RECORDED DATA

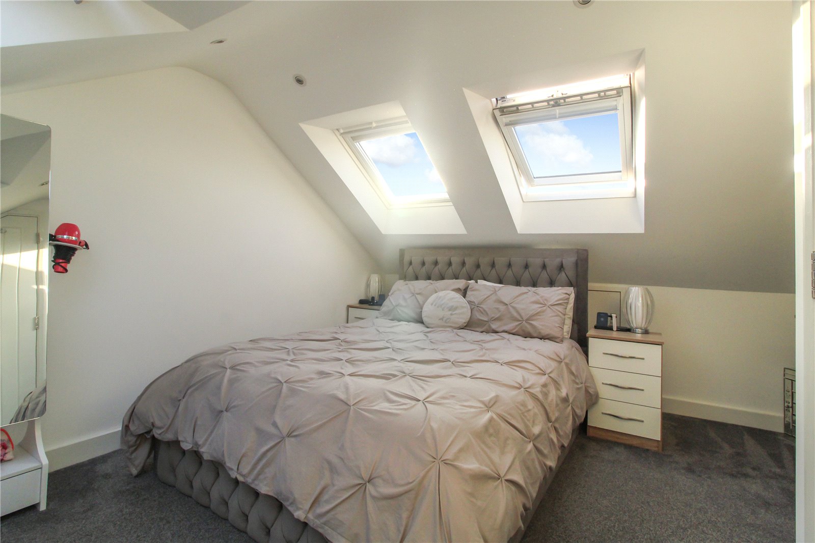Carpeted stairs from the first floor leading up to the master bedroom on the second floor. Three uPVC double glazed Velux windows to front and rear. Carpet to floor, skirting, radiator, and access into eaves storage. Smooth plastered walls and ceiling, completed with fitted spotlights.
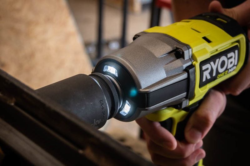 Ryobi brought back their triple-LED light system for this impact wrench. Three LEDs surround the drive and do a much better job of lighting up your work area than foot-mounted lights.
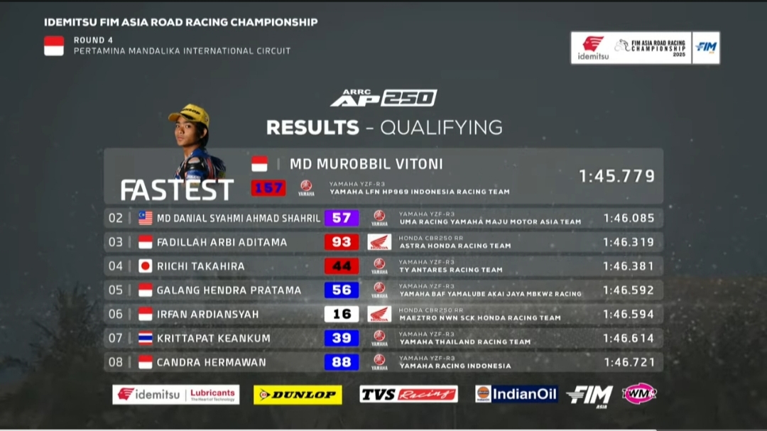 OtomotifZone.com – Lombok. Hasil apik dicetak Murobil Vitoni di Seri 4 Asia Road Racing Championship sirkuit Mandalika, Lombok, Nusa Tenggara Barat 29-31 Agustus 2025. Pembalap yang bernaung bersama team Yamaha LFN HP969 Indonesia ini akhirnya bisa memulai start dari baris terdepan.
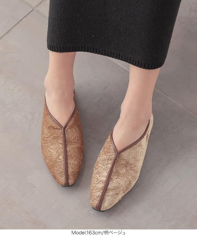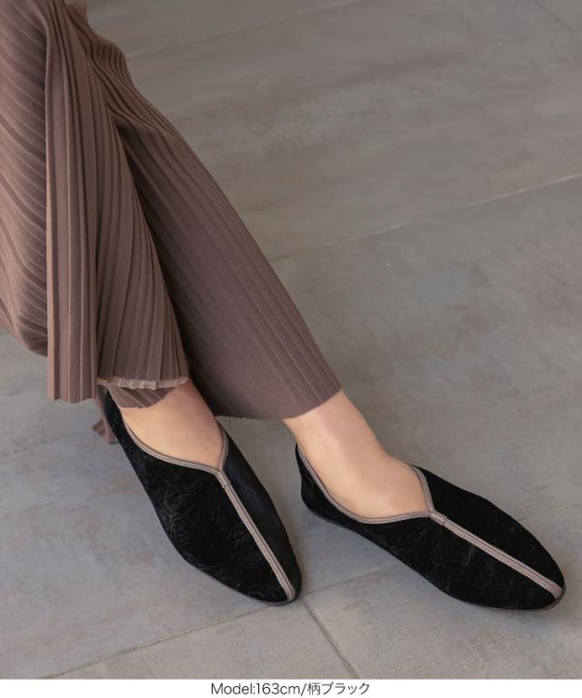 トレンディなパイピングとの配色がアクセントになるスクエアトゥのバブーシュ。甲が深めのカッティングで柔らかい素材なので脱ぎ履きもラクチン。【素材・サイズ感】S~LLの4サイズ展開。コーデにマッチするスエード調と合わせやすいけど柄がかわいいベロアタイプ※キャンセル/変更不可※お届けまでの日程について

ASSIGNED TASK
Once the pictures are removed, repeat all of the data above exactly.

SOLVED EXERCISE
Carpeted stairs from the first floor leading up to the master bedroom on the second floor. Three uPVC double glazed Velux windows to front and rear. Carpet to floor, skirting, radiator, and access into eaves storage. Smooth plastered walls and ceiling, completed with fitted spotlights.
 Ryobi brought back their triple-LED light system for this impact wrench. Three LEDs surround the drive and do a much better job of lighting up your work area than foot-mounted lights.
 OtomotifZone.com – Lombok. Hasil apik dicetak Murobil Vitoni di Seri 4 Asia Road Racing Championship sirkuit Mandalika, Lombok, Nusa Tenggara Barat 29-31 Agustus 2025. Pembalap yang bernaung bersama team Yamaha LFN HP969 Indonesia ini akhirnya bisa memulai start dari baris terdepan.
 トレンディなパイピングとの配色がアクセントになるスクエアトゥのバブーシュ。甲が深めのカッティングで柔らかい素材なので脱ぎ履きもラクチン。【素材・サイズ感】S~LLの4サイズ展開。コーデにマッチするスエード調と合わせやすいけど柄がかわいいベロアタイプ※キャンセル/変更不可※お届けまでの日程について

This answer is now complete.